1. An electrical connector, configured to be electrically connected to a chip module, the electrical connector comprising:

an insulating body; and

a plurality of conductive terminals, correspondingly accommodated in the insulating body respectively, wherein each of the conductive terminals has: a main body portion, fixed in the insulating body; an elastic arm, located above the main body portion; a through slot, running through the elastic arm, such that the elastic arm forms a first elastic arm and a second elastic arm at two opposite sides of the through slot, wherein a width of the first elastic arm is greater than a width of the second elastic arm, the first elastic arm has a first inner side wall on a side thereof adjacent to the through slot, and the second elastic arm has a second inner side wall on a side thereof adjacent to the through slot; and a contact portion, formed by bending and extending upward from the elastic arm, wherein the contact portion defines a virtual center line along an extending direction thereof, and a gap between the first inner side wall and the virtual center line is smaller than a gap between the second inner side wall and the virtual center line.

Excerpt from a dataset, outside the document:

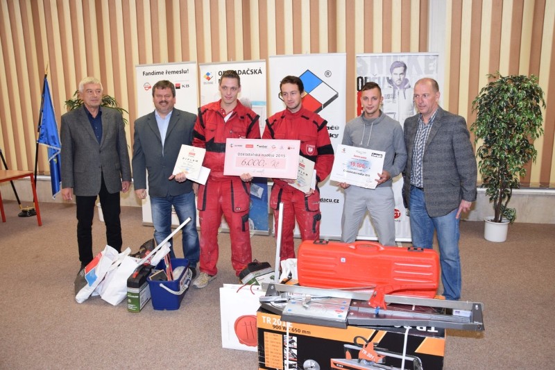 Zásluhou projektu Fandíme řemeslu!, který zastřešuje Asociace malých a středních podniků a živnostníků a Komerční banka jsme mohli mladým obkladačům, kteří se umístili na stupních vítězů, předat finanční odměnu v celkové výši 12 tisíc Kč. A jak je vídět ve fotogalerii nebyla to cena jediná a za to patří veliký dík těmto značkám – Clipper, Montolit, Bat nářadí, Rubi, Ceresit, Rako, Weber, Hasit, Cemix, Murexin, Schomburg, Sopro a Snickers.

2. The electrical connector according to claim 1, wherein the through slot extends downward to the main body portion.

3. The electrical connector according to claim 2, wherein a first bending portion is provided between the first elastic arm and the main body portion, and a second bending portion is provided between the second elastic arm and the main body portion.

4. The electrical connector according to claim 3, wherein the width of the first elastic arm is greater than a width of the first bending portion, and the width of the second elastic arm is equal to a width of the second bending portion.

5. The electrical connector according to claim 1, wherein a beam is connected to the first elastic arm and the second elastic arm.

6. The electrical connector according to claim 5, wherein the contact portion comprises a first contact portion and a second contact portion, the second contact portion is formed by extending backward from the beam, and the first contact portion is formed by extending backward from the second contact portion.

7. The electrical connector according to claim 6, wherein the first contact portion is located higher than the second contact portion, when the chip module starts pressing downward, the chip module is in contact with the first contact portion, and when the pressing stops, the first contact portion is separated from the chip module and the second contact portion is in contact with the chip module.

8. The electrical connector according to claim 5, wherein a third elastic arm extends upward from the main body portion, the third elastic arm and the second elastic arm are located at a same side of the elastic arm, a through hole is formed between the third elastic arm and the second elastic arm, and the beam is connected to the third elastic arm.

9. The electrical connector according to claim 8, wherein a width of the third elastic arm is equal to the width of the second elastic arm.

10. The electrical connector according to claim 1, wherein a strip connecting portion extends upward from the main body portion, and the strip connecting portion and the first elastic arm are located at a same side of the elastic arm.

11. The electrical connector according to claim 10, wherein a groove is provided between the strip connecting portion and the first elastic arm, and a depth of the through slot extending on the main body portion is greater than a depth of the groove extending on the main body portion.

12. The electrical connector according to claim 1, wherein a soldering portion is provided and extends downward from the main body portion, the soldering portion has two clamping portions, projections of the two clamping portions onto a horizontal surface have a symmetrical virtual center line, and a virtual center line of a projection of the contact portion onto the horizontal surface and the symmetrical virtual center line are located on a same vertical line.